O Tribunal de Justiça de São Paulo (TJ-SP) rejeitou novo pedido de prisão preventiva contra André de Oliveira Macedo, o André do Rap, apontado como um dos líderes da facção criminosa Primeiro Comando da Capital (PCC). Com a decisão da Comarca de São Vicente , no litoral paulista, ele pode ser solto da penitenciária de Venceslau Brás ainda neste sábado, 10. O pedido foi protocalo pelo Ministério Público de São Paulo (MP-SP), após o pedido de soltura expedido pelo minsitro do Supremo Tribunal Federal (STF), Marco Aurélio de Mello, nesta sexta, 9. André do Rap foi preso em 2019 e é acusado de administrar a exportação de toneladas de cocaína do PCC a partir do porto de Santos para a Europa.
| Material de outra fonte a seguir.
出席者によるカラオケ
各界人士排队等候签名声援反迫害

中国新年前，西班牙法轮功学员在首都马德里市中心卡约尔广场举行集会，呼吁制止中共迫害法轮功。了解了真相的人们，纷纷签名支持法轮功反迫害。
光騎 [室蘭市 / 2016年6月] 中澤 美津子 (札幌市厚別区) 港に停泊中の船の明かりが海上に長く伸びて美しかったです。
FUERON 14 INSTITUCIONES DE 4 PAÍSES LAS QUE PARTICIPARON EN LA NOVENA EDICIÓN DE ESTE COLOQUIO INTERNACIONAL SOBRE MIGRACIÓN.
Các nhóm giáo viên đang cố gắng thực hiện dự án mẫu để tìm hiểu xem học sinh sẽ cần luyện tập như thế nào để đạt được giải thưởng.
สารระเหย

O ministro do STF determinou a soltura de André do Rap após reanalisar um habeas corpus concedido por ele mesmo. Essa foi a segunda vez que o ministro concedeu a liberdade ao condenado. A decisão foi duramente criticada entre os integrantes da cúpula da segurança pública de São Paulo, que prendeu o megatraficante após meses de investigações. Os promotores do Ministério Público de São Paulo, que investigam o PCC, então, correram para tentar reverter a soltura, indicando que ele teria outras prisões preventivas decretadas e, por isso, deveria continuar detido.
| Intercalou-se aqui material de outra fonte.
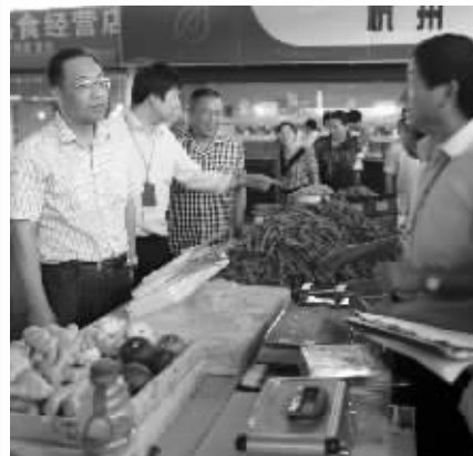
质监局工作人员在集贸市场检查计量器具

O Tribunal de Justiça de São Paulo confirmou que ele ainda não foi solto porque tem prisão decretada em outros processos, também da Justiça Federal. Em entrevista à Jovem Pan, por telefone, o ministro Marco Aurélio Mello se defendeu e disse que não olha para a história do réu na hora de julgá-lo, mas, sim, para o direito penal. Questionado se, nesta ocasião, o melhor caminho era considerar que o réu é um membro importante do PCC, o ministro rebateu e disse que, “Se for assim, é melhor colocar um paredão na frente do STF para fuzilamento”.